Every entry below is to be returned unchanged. Images are not part of the copy.

DATASET EXTRACT Start Marker

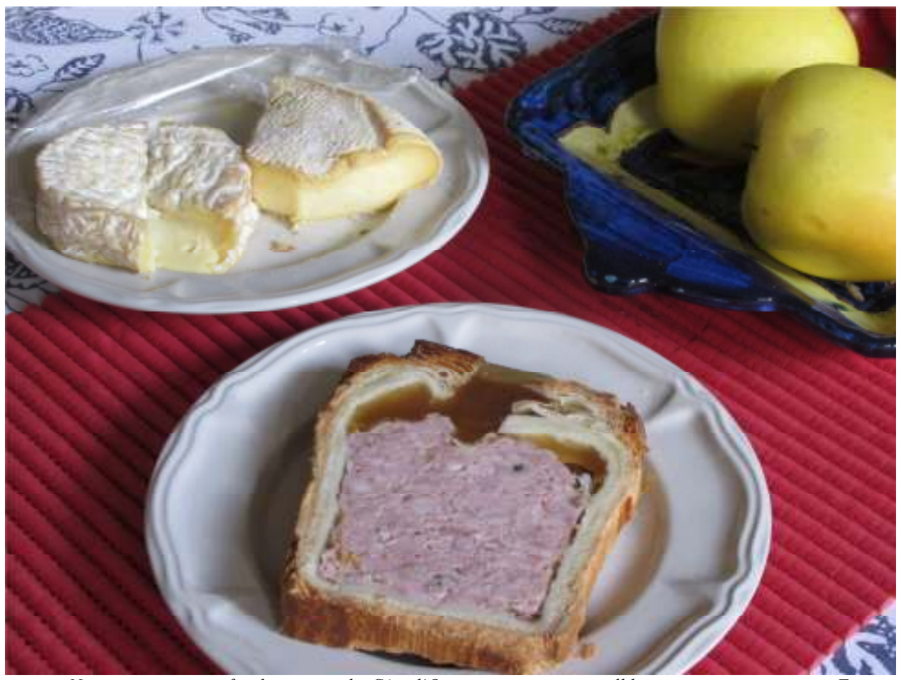
Not everyone comes for the wine in the Côte d'Or, as one can eat as well here as any wine region in France.
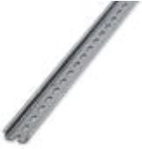
DIN rail 35 mm (NS 35)

DIN rail perforated - NS 35/ 7,5 WH PERF 2000MM - 1204119
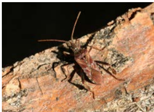
Figure 1: Western conifer seed bug.

Members of the leaffooted bug family, they eat seeds and do not bite people. They enter homes in search of warm, protected sites to overwinter. This habit is shared by many other insects, such as
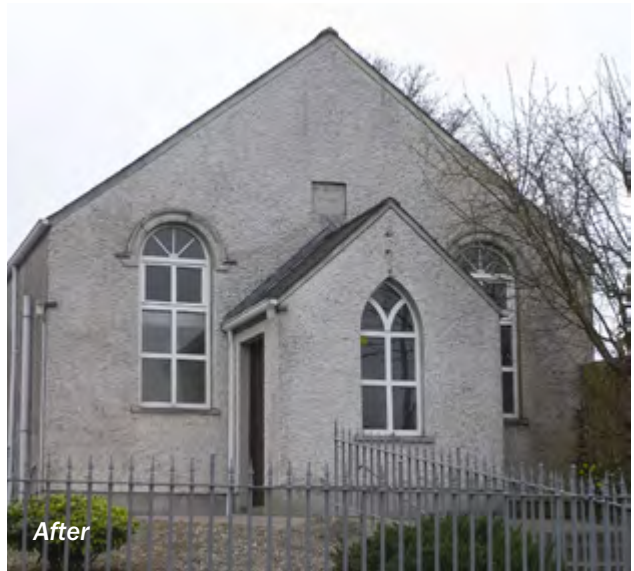
This listed chapel, built in 1818, was originally a building of significant local interest. Substantially rebuilt in 1982, it now has uPVC windows, fibre cement slates, pebble dash render and an entirely modern interior. The building no longer meets the test, and was delisted in 2010.
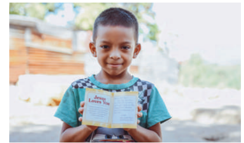
In December 2021, the young people who receive food provided by Feed The Hungry were also given a Christmas card sharing God’s love.
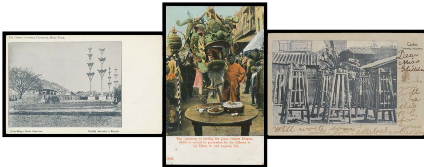
Ex Lot 487

487 C Fascinating group featuring ghastly punishments including torture, executions - one a real photo of decapitated bodies - including "Linchi: cutting into pieces" (!), funeral processions, graves, an opium den, "The Ceremony of feeding the great Chinese Dragon" etc, some are Hong Kong or Macau cards, condition generally fine to very fine. Ex Bronte Watts. (32)
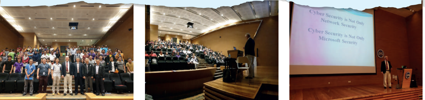
Cyber Security Seminar (DEFENCE IN DEEP STRATEGY) University College of Technology Sarawak
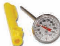
3621N Anti-microbial Professional Chef's Instant Read Thermometer

Large, easy-to-read stainless steel 2 7/8" dial. Temperature range 100° to 400°F. Adjustable pan clip. Durable 6" stainless steel stem. NSF listed.
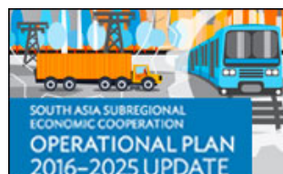
SASEC OPERATIONAL PLAN 2016-2025 UPDATE
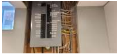
Pic. 29: 100 amp updated breaker pane and wiring
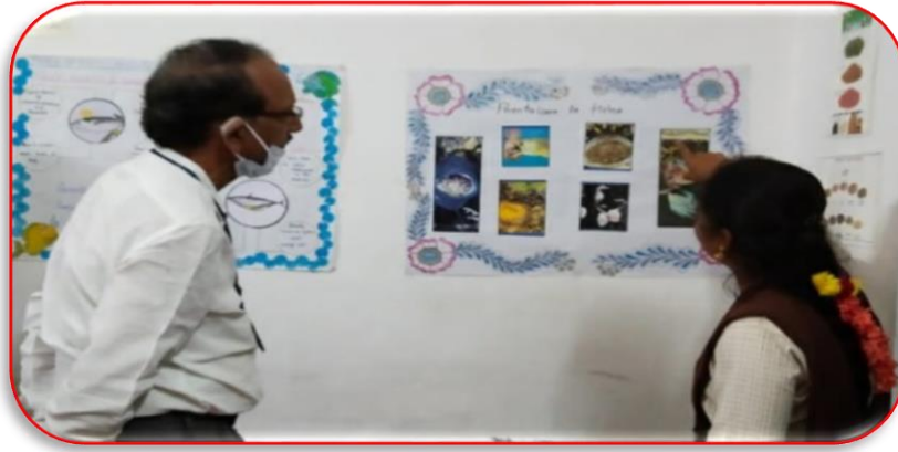
II BZC student explaining preservation of fishes to Principal
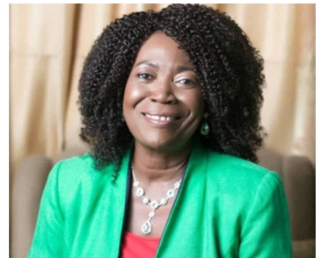
Della Adwoa Sowah, MP for Kpando

The National Democratic Congress (NDC) Member of Parliament (MP) for Kpando Constituency in the Volta Region, Mrs. Della Adwoa Sowah, has called for a united front to retain Kpando parliamentary seat in the general elections of 2024. The NDC guru said political character assassination, sabotaging and backbiting is not in the interest of the party.
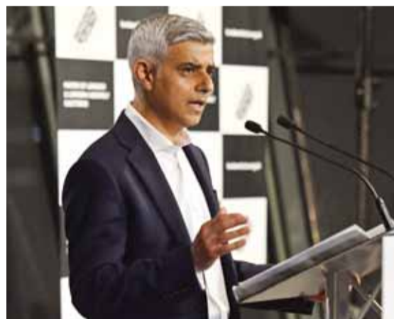
LONDON: Sadiq Khan gives his acceptance speech after being declared the winner of the London Mayoral election at City Hall in London Saturday winning his second term as London mayor.

Born in London in 1970 to parents who had
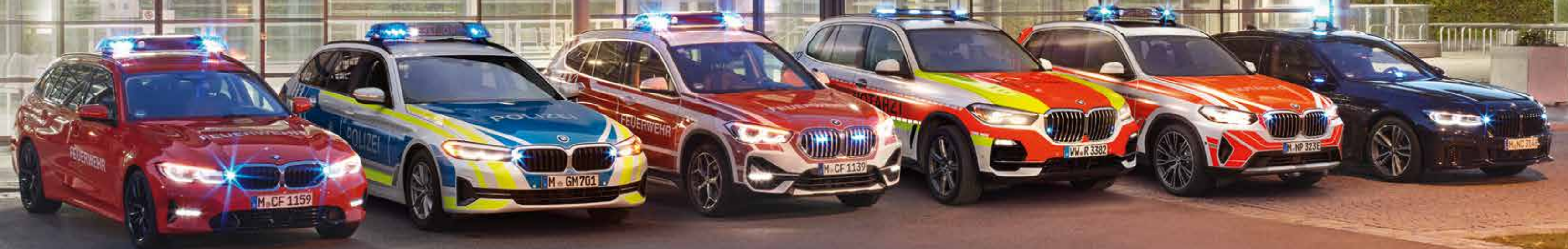
Image shows vehicle homologated and approved for the German market and may contain equipment features only available in this market. Please contact your BMW partner to find out which vehicles and equipment features are available to you.

DATASET EXTRACT End Marker

* **ANSWER TO THIS PROBLEM**
Not everyone comes for the wine in the Côte d'Or, as one can eat as well here as any wine region in France.
DIN rail 35 mm (NS 35)

DIN rail perforated - NS 35/ 7,5 WH PERF 2000MM - 1204119
Figure 1: Western conifer seed bug.

Members of the leaffooted bug family, they eat seeds and do not bite people. They enter homes in search of warm, protected sites to overwinter. This habit is shared by many other insects, such as
This listed chapel, built in 1818, was originally a building of significant local interest. Substantially rebuilt in 1982, it now has uPVC windows, fibre cement slates, pebble dash render and an entirely modern interior. The building no longer meets the test, and was delisted in 2010.
In December 2021, the young people who receive food provided by Feed The Hungry were also given a Christmas card sharing God’s love.
Ex Lot 487

487 C Fascinating group featuring ghastly punishments including torture, executions - one a real photo of decapitated bodies - including "Linchi: cutting into pieces" (!), funeral processions, graves, an opium den, "The Ceremony of feeding the great Chinese Dragon" etc, some are Hong Kong or Macau cards, condition generally fine to very fine. Ex Bronte Watts. (32)
Cyber Security Seminar (DEFENCE IN DEEP STRATEGY) University College of Technology Sarawak
3621N Anti-microbial Professional Chef's Instant Read Thermometer

Large, easy-to-read stainless steel 2 7/8" dial. Temperature range 100° to 400°F. Adjustable pan clip. Durable 6" stainless steel stem. NSF listed.
SASEC OPERATIONAL PLAN 2016-2025 UPDATE
Pic. 29: 100 amp updated breaker pane and wiring
II BZC student explaining preservation of fishes to Principal
Della Adwoa Sowah, MP for Kpando

The National Democratic Congress (NDC) Member of Parliament (MP) for Kpando Constituency in the Volta Region, Mrs. Della Adwoa Sowah, has called for a united front to retain Kpando parliamentary seat in the general elections of 2024. The NDC guru said political character assassination, sabotaging and backbiting is not in the interest of the party.
LONDON: Sadiq Khan gives his acceptance speech after being declared the winner of the London Mayoral election at City Hall in London Saturday winning his second term as London mayor.

Born in London in 1970 to parents who had
Image shows vehicle homologated and approved for the German market and may contain equipment features only available in this market. Please contact your BMW partner to find out which vehicles and equipment features are available to you.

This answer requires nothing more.